Personal information
- Full name: Ziaur Rahman
- Born: 2 December 1986 (age 39) Khulna, Bangladesh
- Nickname: Joni
- Batting: Right-handed
- Bowling: Right-arm fast-medium
- Role: Bowler

International information
- National side: Bangladesh (2012-2014);
- Only Test (cap 68): 25 April 2013 v Zimbabwe
- ODI debut (cap 106): 23 March 2013 v Sri Lanka
- Last ODI: 17 June 2014 v India
- ODI shirt no.: 16
- T20I debut (cap 32): 18 July 2012 v Ireland
- Last T20I: 30 March 2014 v Pakistan

Career statistics
| Competition | Test | ODI | FC | LA |
| Matches | 1 | 13 | 154 | 214 |
| Runs scored | 14 | 124 | 5,655 | 3,333 |
| Batting average | 14 | 11.27 | 26.67 | 22.07 |
| 100s/50s | 0/0 | 0/0 | 8/28 | 2/15 |
| Top score | 14 | 41 | 167 | 104* |
| Balls bowled | 180 | 390 | 12,905 | 5,119 |
| Wickets | 4 | 10 | 250 | 119 |
| Bowling average | 17.75 | 30.10 | 24.79 | 34.31 |
| 5 wickets in innings | 0 | 1 | 6 | 3 |
| 10 wickets in match | 0 | 0 | 0 | 0 |
| Best bowling | 4/63 | 5/30 | 5/36 | 5/23 |
| Catches/stumpings | 0/– | 5/– | 80/– | 70/– |

Medal record
Representing Bangladesh
Men's Cricket
Asian Games
| Bronze medal – third place | 2014 Incheon | Team |
- Source: ESPNcricinfo, 5 June 2026

= Ziaur Rahman (Bangladeshi cricketer) =

Bangladeshi cricketer (born 1986)

Mohammad Ziaur Rahman (মোহাম্মদ জিয়াউর রহমান; born 2 December 1986 in Khulna) is a first-class and List A cricketer from Bangladesh. He is a right-handed batsman and right arm fast medium bowler. He is known as the "Hit man" of Bangladesh Cricket for his six hitting ability.

==Debut years==
He made his debut for Khulna Division in 2004/05 and played through the 2006/07 season. He also appeared for Bangladesh Under-19s in 2003/04 and the Bangladesh Cricket Board President's XI and Bangladesh Cricket Board Academy in 2006/07.

==Domestic career==
In Bangladesh Cricket League 2012, he scored unbeaten 152 off 118 balls vs South Zone, where he smashed 15 sixes. Highest by any Bangladeshi player in any cricket format.

He has twice taken 5 wickets in an innings, with a best of 5 for 82 against Dhaka Division. He also took 5 for 24 against Sylhet Division in a one-day game.
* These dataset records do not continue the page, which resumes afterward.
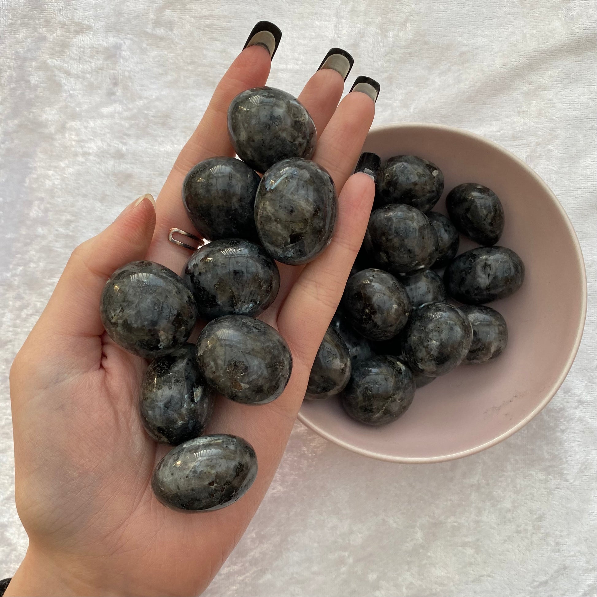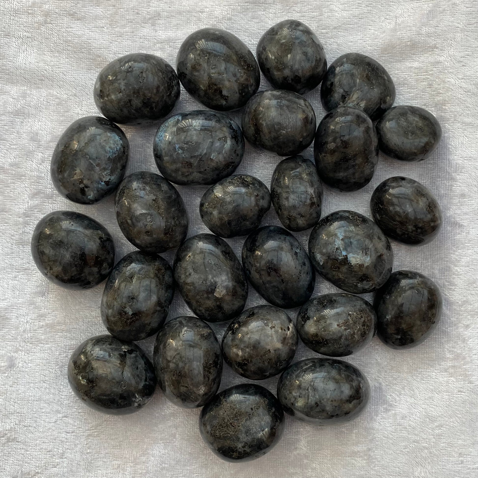 Larvikite is comprised nearly entirely of feldspar, and it is the special effect of the feldspar crystals that give it its blue color. This effect is called the Schiller effect.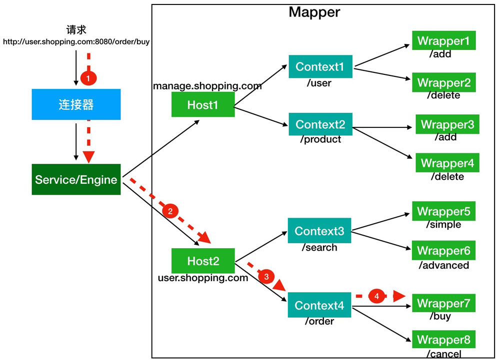 Wrapper 表示一個(gè) Servlet ,Context 表示一個(gè) Web 應(yīng)用程序,而一個(gè) Web 程序可能有多個(gè) Servlet ;Host 表示一個(gè)虛擬主機(jī),或者說一個(gè)站點(diǎn),一個(gè) Tomcat 可以配置多個(gè)站點(diǎn)(Host);一個(gè)站點(diǎn)( Host) 可以部署多個(gè) Web 應(yīng)用;Engine 代表 引擎,用于管理多個(gè)站點(diǎn)(Host),一個(gè) Service 只能有 一個(gè) Engine。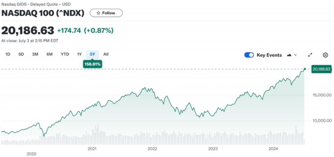 附:过去五年,美股纳斯达克100指数和中国发行的纳斯达克100指数基金513100的价格波动。可以看到,他们的走势非常接近。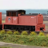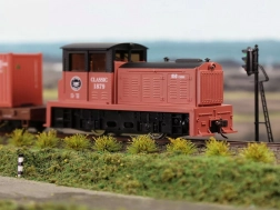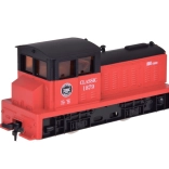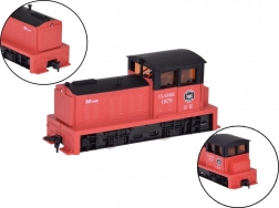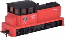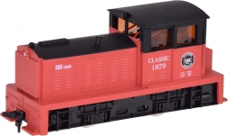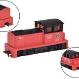 Locomotiva roșie cu acoperiș negru oferă o execuție precisă, rulare fiabilă și greutate suplimentară pentru stabilitate în curbe.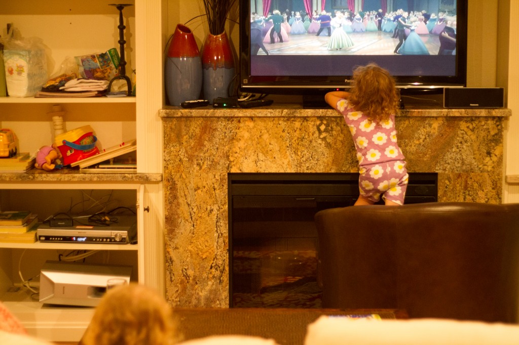 Tuesday night the girls watched their first movie! They watched Frozen….which Avery sometimes calls “Cold” when she can’t remember the name. We weren’t sure if we were going to let them watch the whole movie in one night but they both did great. Emerson stayed glued in one spot on the couch silent the entire movie. Avery stood on a chair in front of the T.V. and did a combination of watching but her share of talking throughout the movie (mostly related to the movie though) .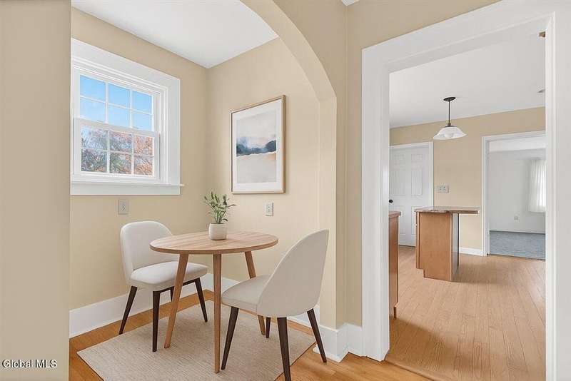 Open House Sunday, November 23rd from 12-2. Welcome to this quaint and inviting 3-bedroom, 1-bath, 1,560 sq. ft comfortable. cottage-style ranch home nestled in a sought-after neighborhood of Niskayuna. A spacious, welcoming screened porch greets guests and sets the tone for this charming residence. Step inside to a large, light-filled living room featuring classic built-ins that frame a handsome wood-burning fireplace. An arched opening leads to the formal dining room with a large picture window?perfect for gatherings and holiday meals. The thoughtfully designed kitchen offers warm-toned wood cabinetry, granite countertops, and a convenient island that will delight any home chef. A cozy nook nearby makes an ideal workstation or reading spot. Two bedrooms feature hardwood floors beneath carpeting. The full bath showcases large ceramic tile. The generous primary bedroom offers ample space to add an ensuite bath, creating your own private retreat. Enjoy easy one-level living in this lovingly maintained home. The current owners have cared for and periodically updated this rare gem for over 50 years. Professionally designed landscaping by Faddegon's enhances the beauty of the corner lot. Located within the award-winning Niskayuna School District, this charming home combines comfort, character, and convenience?an exceptional opportunity in a highly desirable neighborhood. Garage sold ''as is''.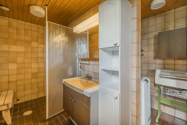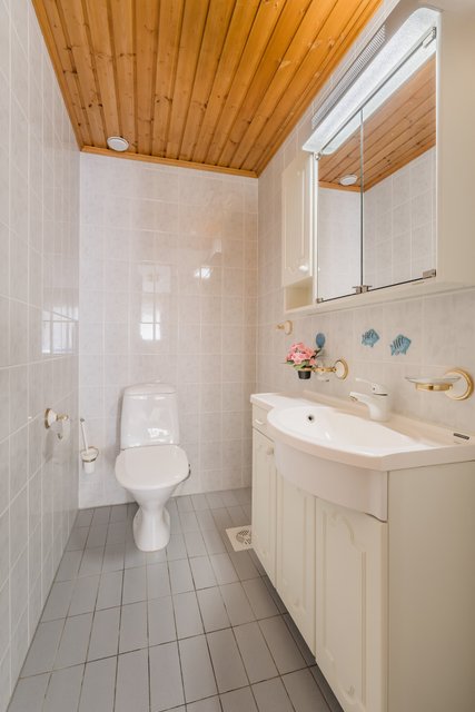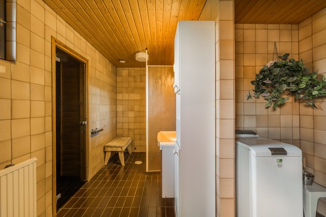 Pesutilat ovat alkuperäiset, mutta rakennustapansa vuoksi eipä tässä mikään maailman hätä vielä ole - toki on se remontti viisasta tehdä, jotta talon elinkaari jatkuu edelleen hyvänä. Toiselle vessalle on varaus, samoin kuin puulämmitteiselle kiukaalle. Öljylämmitys on vaihdettavissa ilma-vesilämpöpumppuun, jos se tuntuu mukavammalta vaihtoehdolta. Nämä seikat on huomioitu myyntihinnassa.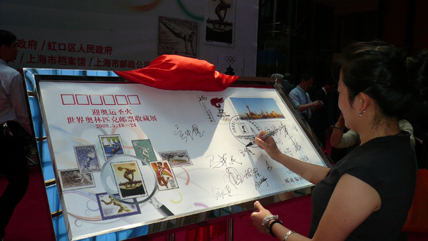 Li Jia in Shanghai with the Olympic Stamp Exhibition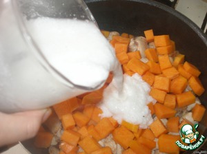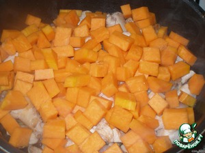Получившуюся массу отправить в сотейник к тыкве и мясу.

He made his ODI debut on 23 March 2013 against Sri Lanka in Hambantota and scored a golden duck.

===Bangladesh Premier League===
====Chittagong Kings====
The Bangladesh Cricket Board founded the six-team Bangladesh Premier League in 2012, a twenty20 tournament to be held in February that year. In the auction Ziaur was bought by Chittagong Kings for $40,000. He scored 129 in 7 innings in an average of 25.80. His highest individual score was 48*.

====Duronto Rajshahi====
In the 2013 Bangladesh Premier League player auction he was bought by Duronto Rajshahi for $137,000. He scored 155 runs in 10 innings in an average of 19.37. His best score was 36.
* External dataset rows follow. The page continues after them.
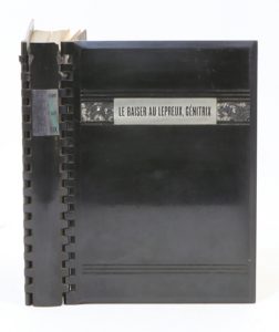 pet. in-8, plats rigides de bakelite noire, sur le premier décor Art Déco gravé et plaque métallique portant le titre, dos long monté par des charnières piano, pièce de titre métallique, tête dorée, [Reliure JOTAU, breveté S.G.D.G.].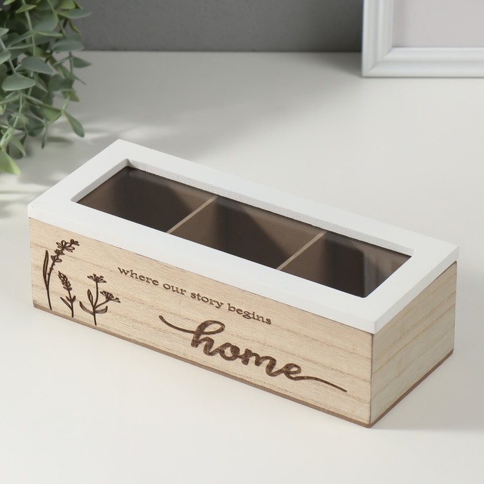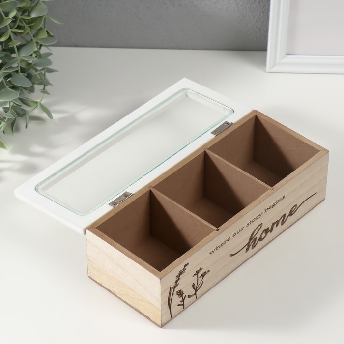 Шкатулка дерево с делениями "Разнотравье" 23х9х8,3 см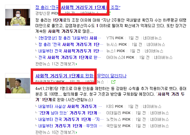 ▶ 사회적 거리두기 1단계 ◀

====Chittagong Vikings====
He played 2015 BPL for Chittagong Vikings, where he scored 83 runs in 7 innings with the average of 16.60 and best of 39*. He also took 2 wickets in 3 innings in an average of 36.00. His best bowling figure was 2/24.

====Rangpur Riders====
In 2016–17 Bangladesh Premier League Players draft he was selected to play for Rangpur Riders. On 30 November 2016, he scored his maiden BPL fifty where he scored 60 runs off just 43 deliveries hitting 3 sixes and 6 boundaries in an strike rate of 139.53. He scored 128 runs in 5 innings in an average of 64.00 including 1 fifty in that season. He also took 2 wickets in 3 innings in an average of 24.50. His best bowling figure was 2/22.

He was retained by Rangpur Riders for 2017 BPL. He scored 77 runs in 7 innings in an average of 15.40. His top score was 36.

====Comilla Victorians====
In October 2018, he was named in the squad for the Comilla Victorians team, following the draft for the 2018–19 Bangladesh Premier League. He scored 38 runs in 4 innings in an average of 9.50. His highest individual score was 21.

====Chattogram Challengers====
In 2019–20 Bangladesh Premier League players' draft he was bought by Chattogram Challengers. He scored 72 runs in 4	innings in an average of 36.00 and strike rate of 153.19. His best score was 34*. He also took 7 wickets in 6 innings with the ball in an average of 21.14. On 7 January 2020, in a league stage match against Rajshahi Royals he took 3 wickets for 18 runs which was his best bowling figure in BPL.

====Fortune Barishal====
He was selected to play for Fortune Barishal in 2022 BPL. He did not have a very good season as he scored only 55 runs in 6 innings with the best of 19*.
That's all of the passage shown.